■ **Assignment**
With pictures left out, extract every line between the start of the records below and the line holding "FY26E P/E = 6.41×, based", inclusive.

Records from a dataset:

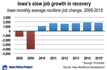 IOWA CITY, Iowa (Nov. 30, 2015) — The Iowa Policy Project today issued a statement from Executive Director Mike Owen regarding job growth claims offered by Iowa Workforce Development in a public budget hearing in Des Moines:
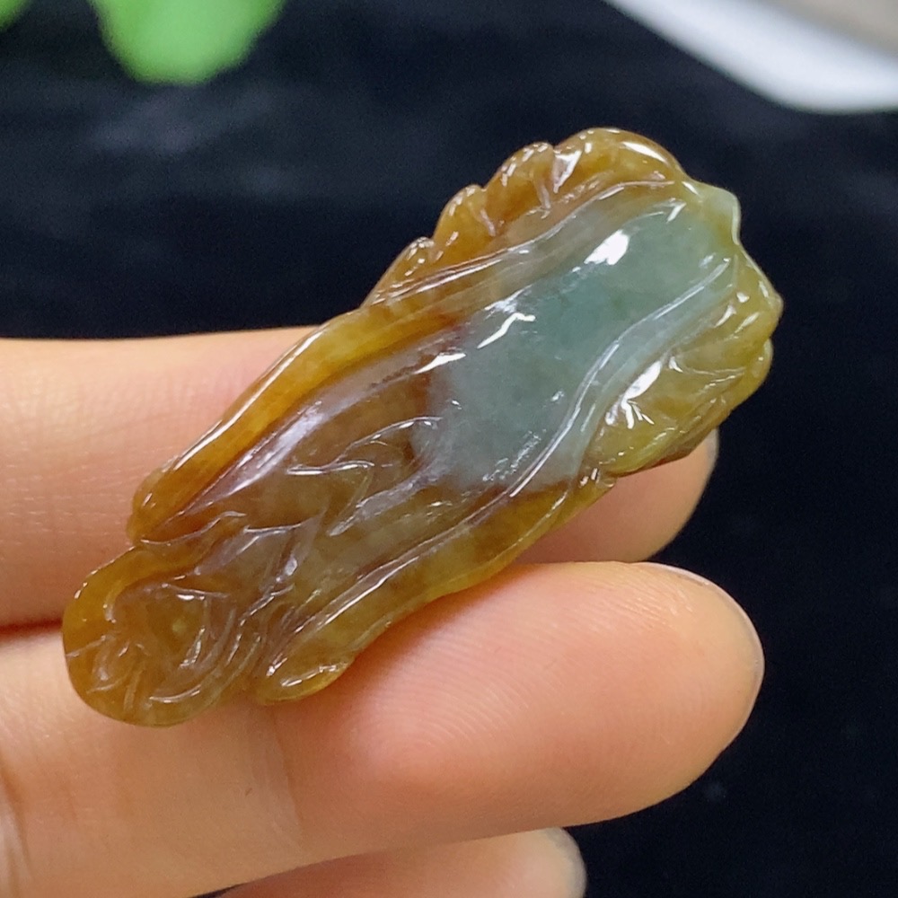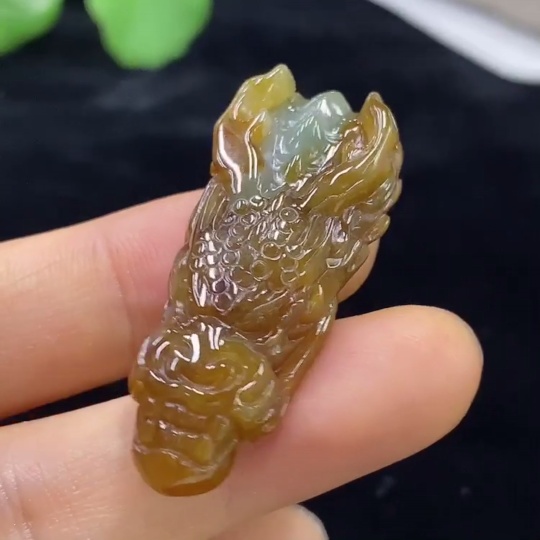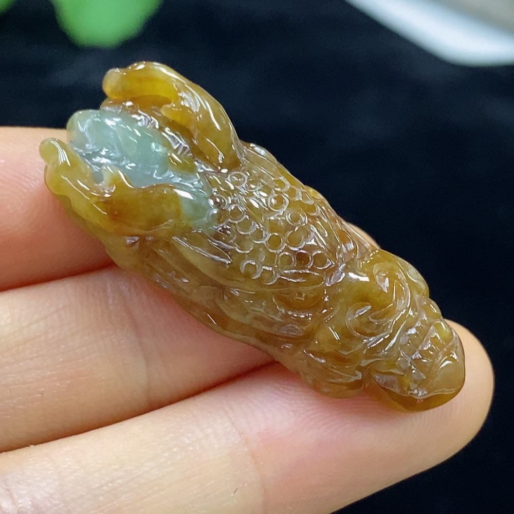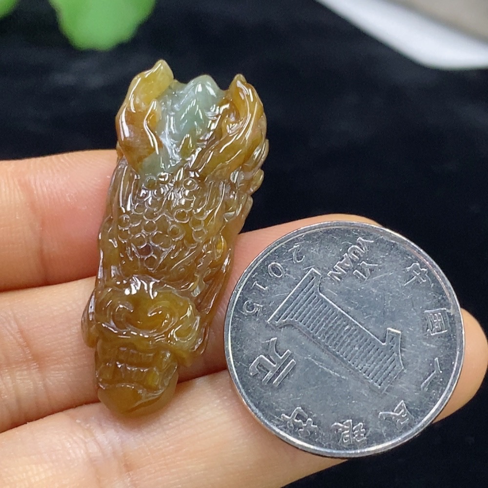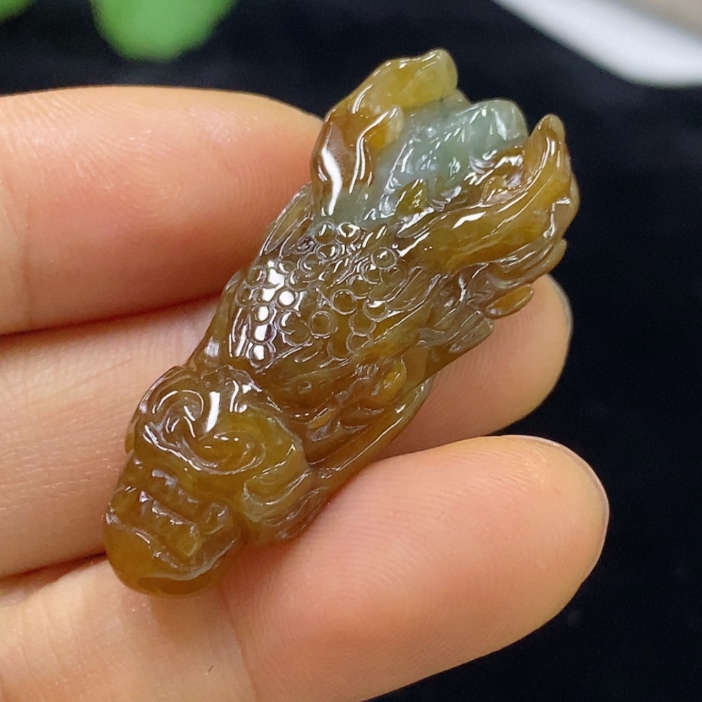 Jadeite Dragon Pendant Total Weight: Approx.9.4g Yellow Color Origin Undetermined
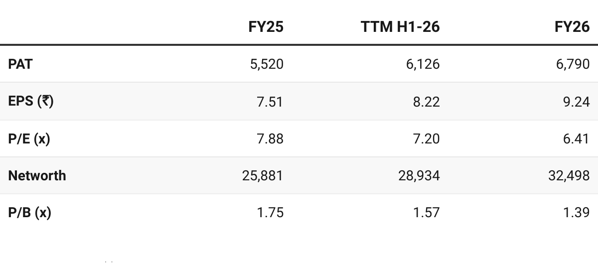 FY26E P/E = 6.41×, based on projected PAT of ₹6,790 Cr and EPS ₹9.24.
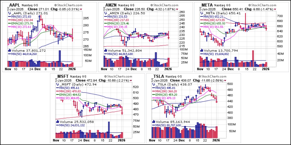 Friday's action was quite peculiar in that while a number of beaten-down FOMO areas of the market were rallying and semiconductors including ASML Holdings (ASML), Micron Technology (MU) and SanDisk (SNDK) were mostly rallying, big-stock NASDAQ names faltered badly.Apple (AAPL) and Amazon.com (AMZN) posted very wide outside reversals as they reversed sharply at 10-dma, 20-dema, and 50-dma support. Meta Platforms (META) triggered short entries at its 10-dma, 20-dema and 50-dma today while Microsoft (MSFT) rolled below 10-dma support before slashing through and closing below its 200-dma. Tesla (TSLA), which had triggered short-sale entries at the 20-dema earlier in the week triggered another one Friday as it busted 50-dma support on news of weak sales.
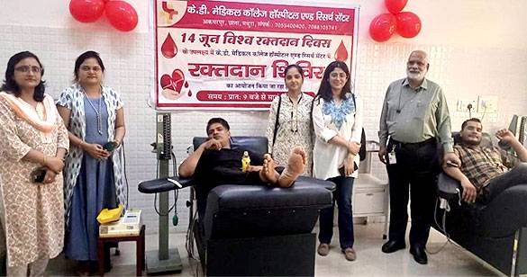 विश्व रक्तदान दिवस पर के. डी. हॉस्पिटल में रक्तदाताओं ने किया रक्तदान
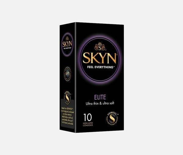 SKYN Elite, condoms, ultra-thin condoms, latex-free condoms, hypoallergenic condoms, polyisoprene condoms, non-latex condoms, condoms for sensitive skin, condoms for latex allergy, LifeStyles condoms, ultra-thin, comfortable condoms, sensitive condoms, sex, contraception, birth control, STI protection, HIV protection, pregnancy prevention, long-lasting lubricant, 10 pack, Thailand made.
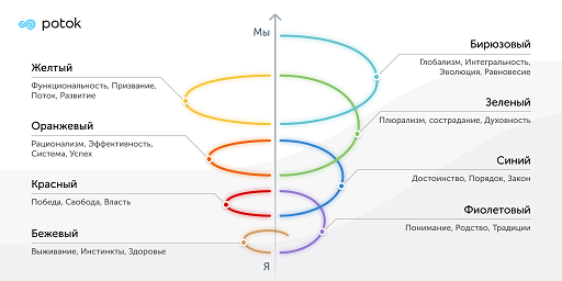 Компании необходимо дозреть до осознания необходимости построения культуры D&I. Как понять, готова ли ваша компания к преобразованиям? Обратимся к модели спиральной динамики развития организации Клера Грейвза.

■ **Expected answer**
 IOWA CITY, Iowa (Nov. 30, 2015) — The Iowa Policy Project today issued a statement from Executive Director Mike Owen regarding job growth claims offered by Iowa Workforce Development in a public budget hearing in Des Moines:
 Jadeite Dragon Pendant Total Weight: Approx.9.4g Yellow Color Origin Undetermined
 FY26E P/E = 6.41×, based on projected PAT of ₹6,790 Cr and EPS ₹9.24.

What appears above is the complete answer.